Date de mise à jour le : 29 juin 2026

Carte

Données générales

Nom officiel : Royaume de Belgique
Nature du régime : État fédéral – monarchie constitutionnelle
Chef de l’État : Sa Majesté le Roi Philippe Ier (depuis le 21 juillet 2013)
Chef du gouvernement : Premier ministre : M. Bart De Wever (N-VA) (depuis le 3 février 2025)

Données géographiques

Superficie : 30 688 km2
Capitale : Bruxelles (198 000 hab.; la région Bruxelles Capitale : 1 219 970 hab.) 
Villes principales : Anvers (529 417 hab.), Gand (263 703 hab.), Charleroi (201 837 hab.), Liège (196 296 hab.)
Langues officielles : français, néerlandais, allemand
Monnaie : euro
Fête nationale : 21 juillet (serment du 21 juillet 1831, prêté par le premier roi des Belges, Léopold Ier)

Données démographiques

Population : 11 883 493 (2025) 
Densité : 389,1 hab. /km2
Croissance démographique : 0,56% (2025) 
Espérance de vie : 82,4 ans (femmes : 84,4 ans ; hommes : 80,3 ans) (2024)
Taux d’alphabétisation : 99 %
Religions : catholiques (env. 57,1 %), musulmans (env. 6,8%), protestants (env. 2,3%) et juifs (env. 0,3%). 
Indice de développement humain : 0,951 (PNUD 2025) (10e place)

Politique intérieure

Les législatives du 9 juin 2024 ont marqué un virage à droite et la défaite d’acteurs clés de la coalition « Vivaldi » au pouvoir depuis 2020 : socialistes et verts en Flandre et en Wallonie, chrétiens-démocrates et libéraux flamands du Premier ministre. L’abstention a atteint le taux record de 12,5% (le vote est obligatoire). La coalition Vivaldi avait été marquée par des crises multiples (crise sanitaire, crise de l’accueil en matière de migration, guerre en Ukraine, crise énergétique et du pouvoir d’achat), qui ont impacté la mise en œuvre de son programme.

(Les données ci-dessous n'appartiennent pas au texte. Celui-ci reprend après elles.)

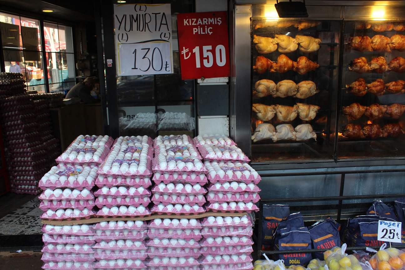 Kızarmış bütün tavuk 150 TL'den satılırken, bir diğer protein kaynağı olan yumurtanın bir koliside 130 TL'den satışta.
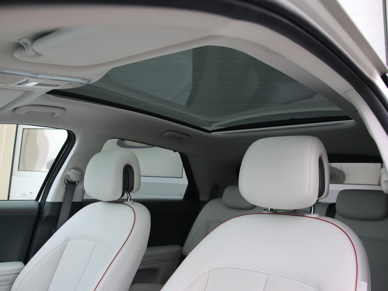 Hij biedt volop ruimte, deze Hyundai IONIQ 5, en dankzij zijn elektrische aandrijving is er ook plenty vermogen voor een dynamische rijstijl. Stil en stevig optrekken zonder extra uitstoot? De elektromotor zorgt ervoor! En o ja, het lederen interieur is ook een vermelding waard! Ga samen met uw bijrijder lekker zitten in de verwarmbare voorstoelen en laat jullie bloedsomloop stimuleren door de massagefunctie. Zit u goed? De stoelen zijn eenvoudig instelbaar dankzij de elektrische bediening met geheugen. Een handige voorziening op deze auto is de elektrische achterklep die u op afstand kunt openen. Onderweg heeft u extra veel te zien dankzij het glazen panoramadak. Met de verwarmbare achterbank zitten uw achterpassagiers er net zo behaaglijk bij als u. Tot de uitrusting van deze Hyundai behoren ook 20 inch lichtmetalen velgen, Full LED koplampen, donker getint glas achter, in delen neerklapbare achterbank, LED-achterlichten en verstelbare lendensteunen.

Le 31 janvier 2025, au terme de 240 jours de négociations, Bart De Wever a annoncé un accord entre les cinq partis de la coalition dite « Arizona » : la N-VA (CRE) de B. De Wever, le CD&V (S&D), Vooruit (S&D), le Mouvement réformateur (RE) et Les Engagés (RE). Parmi les priorités de la coalition gouvernementale se trouvent l’assainissement des finances de l’Etat, la réforme du chômage et des retraites, la lutte contre la violence et le narcotrafic, l’augmentation du budget de défense, et un renforcement de la politique migratoire

La dépendance énergétique du pays à la Russie a notamment conduit la coalition Arizona à revenir en février 2025 sur la sortie du nucléaire, à laquelle la Belgique s’était engagée en 2003. Le précédent gouvernement s’était déjà accordé sur un plan d’investissement d’1,16 Mds€ pour la transition énergétique et le développement des énergies renouvelables. La Belgique a rejoint l'Alliance du nucléaire en février 2025 et signé une déclaration d’intention avec la France sur la coopération énergétique en juillet 2025. Le 30 avril 2026, l’État belge et ENGIE ont signé une lettre d’intention en vue de l’acquisition de l’intégralité des activités nucléaires du groupe, aboutissant ainsi à la nationalisation du parc nucléaire belge. 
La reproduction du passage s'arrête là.